Mostre di arte moderna e contemporanea

August Sander e Michael Somoroff. Absence of Subject

1 febbraio - 7 aprile 2013

Fondazione delle Stelline - Sala del Collezionista
Corso Magenta 61, Milano
Tel. 02-45462411
Orari: mar-dom 10-20, lunedì chiuso

Il fotografo tedesco August Sander (1876-1964) è sicuramente uno dei più grandi ritrattisti del secolo scorso. A lui si deve, infatti, un progetto molto ambizioso, che era quello di realizzare un "catalogo" dei suoi connazionali e, attraverso di loro, delle professioni del suo tempo.
Il suo primo libro, intitolato Faces of our time uscì nel 1929 con una selezione di 60 scatti. A esso fece seguito però un lavoro molto più ampio, Uomini del XX secolo (Menschen des 20 Jahrhunderts), suddiviso in 7 sezioni (contadini, commercianti, donne, classi e professioni, artisti, città, gli ultimi), che raccontava per immagini quella che era la società al tempo della Repubblica di Weimer, ma fu pubblicato soltanto nel 1980. L'operato di Sander fu ostacolato, infatti, dal regime nazista, che, nel 1936 sequestrò le copie del suo primo libro e distrusse le lastre che aveva realizzato fino ad allora.
Scioccato da quanto era successo e dalla scomparsa del figlio Enrich, che era membro del Socialist Worker's Party e morì in carcere, negli anni successivi Sander decise di dedicarsi al paesaggio ritraendo la campagna del Reno e la città di Colonia.
Il suo nome sarebbe probabilmente caduto nell'oblio se lo Stadtmuseum di Colonia non avesse acquistato le sue vedute (1951), non avesse vinto il Deutsche Gesellschaft für Photographie (1964) e il Museum of Modern Art di New York non gli avesse dedicato una grande retrospettiva (1969).

A farci riscoprire il suo straordinario catalogo di uomini e donne è ora un artista americano contemporaneo, Michael Somoroff, che ha compiuto un'ardita operazione concettuale sulle opere di Sander. Ha preso, infatti, 40 fotografie di quel grande maestro e, ricorrendo alla tecnologia digitale, ha fatto scomparire ogni traccia dei personaggi, che erano i soggetti principali di quegli scatti. Quello che resta e diventa elemento primario è lo sfondo, il contesto, l'essenza dei luoghi, interni ed esterni, ripresi da Sander, dove talvolta si riescono ancora a vedere gli oggetti appartenuti a chi non c'è più, per il passare del tempo e per l'intervento di Somaroff. E questo ci porta a riflettere sul concetto di memoria, immaginazione e creatività. E anche su cosa sia il linguaggio postmoderno, che è il campo di indagine di Somoroff e, come ha scritto Diana Edkins, che è la curatrice di questa mostra, non è mai a sé stante, ma ha sempre radici, tradizioni e continuità.

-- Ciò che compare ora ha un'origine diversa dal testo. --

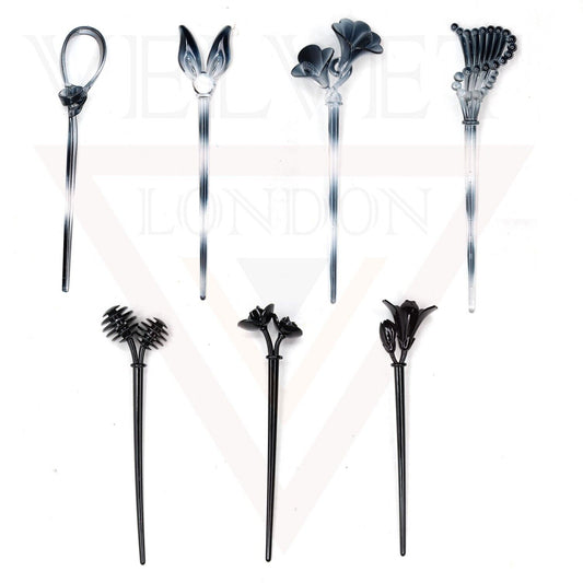 1x Hair Sticks Flower Black Brown Hair Bun Juda Stick Japanese Chopsticks

Questa alternanza tra presenza e assenza, che da un lato snatura e dall'altro fa risaltare il pensiero che stava alla base del progetto di Sander, acquista un'enfasi ancora maggiore al piano interrato, dove sono proiettati alcuni video (o foto animate), che ripropongono alcune immagini già viste sopra, alle quali Somoroff ha aggiunto, utilizzando software particolari, impercettibili effetti di movimento. In essi, infatti, c'è vita. Si avvertono soffi d'aria e fruscii, ma non c'è nessuno. Le persone sono scomparse, ma la natura e le cose sono lì a ricordare che qualcuno è passato da quella porta, ha sfogliato quel libro, si è seduto a quel tavolo, abitava quello spazio. Gli oggetti, infatti, sono parte di noi, sono il segno della nostra esistenza e del nostro passaggio. Sopravvivono alla nostra morte instillando in chi è rimasto nostalgia, rimpianto, ricordo.

La mostra, che è stata già proposta alla Biennale di Venezia del 2011, è stata realizzata in collaborazione con Julian Sander, che è parente del fotografo tedesco.